### Source material
┌────────

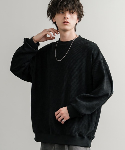 独特の光沢が上品な印象のコーデュロイ生地を使用したクルーネックプルオーバー。
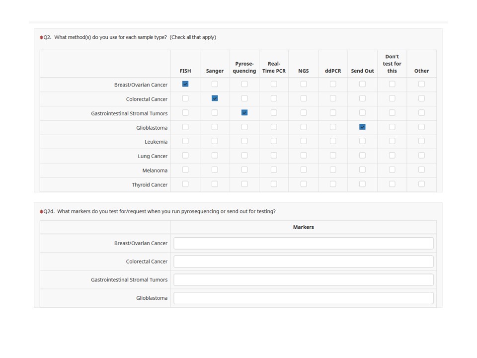I am trying to figure out how to get the sub-questions in Q2d to filter based off of columns 3 (pyrosequencing) and 7 (send out) only. The way I have it now, it is filtering off of all columns that have a check mark.
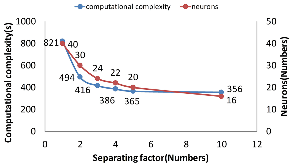As is mentioned in Section 3, the core of separating is that computational complexity is reduced by the trend after the separating. When the separating factor N is 10, the computational complexity is the lowest (Figure 12). While the separating factor N is one, the memory cost is the highest in the figure. Therefore, if N divided is employed in the training process, the training time is reduced by time.
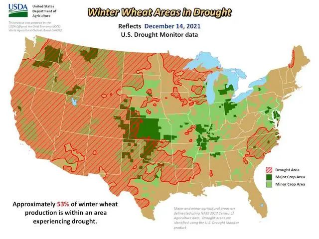2021年12月,美國農(nóng)業(yè)部曾發(fā)布一份小麥生產(chǎn)的干旱監(jiān)測數(shù)據(jù),數(shù)據(jù)顯示約有53%的冬小麥產(chǎn)區(qū)正在經(jīng)歷干旱。到2022年3月,干旱區(qū)的面積進一步增加到了70%左右,這意味著美國最重要的小麥品種正在遭遇缺水危機,平均畝產(chǎn)很可能會下調(diào)縮水。
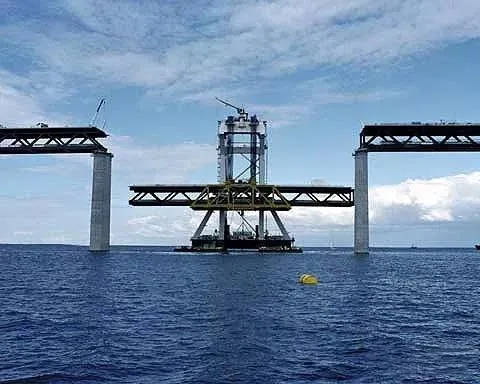 图14?丹麦厄勒海峡大桥140m钢桁梁采用整孔浮吊法施工架设

└────────

### Work task
An exact copy of every entry above is required, without the pictures.

### Result for this exercise
 独特の光沢が上品な印象のコーデュロイ生地を使用したクルーネックプルオーバー。
I am trying to figure out how to get the sub-questions in Q2d to filter based off of columns 3 (pyrosequencing) and 7 (send out) only. The way I have it now, it is filtering off of all columns that have a check mark.
As is mentioned in Section 3, the core of separating is that computational complexity is reduced by the trend after the separating. When the separating factor N is 10, the computational complexity is the lowest (Figure 12). While the separating factor N is one, the memory cost is the highest in the figure. Therefore, if N divided is employed in the training process, the training time is reduced by time.
2021年12月,美國農(nóng)業(yè)部曾發(fā)布一份小麥生產(chǎn)的干旱監(jiān)測數(shù)據(jù),數(shù)據(jù)顯示約有53%的冬小麥產(chǎn)區(qū)正在經(jīng)歷干旱。到2022年3月,干旱區(qū)的面積進一步增加到了70%左右,這意味著美國最重要的小麥品種正在遭遇缺水危機,平均畝產(chǎn)很可能會下調(diào)縮水。
 图14?丹麦厄勒海峡大桥140m钢桁梁采用整孔浮吊法施工架设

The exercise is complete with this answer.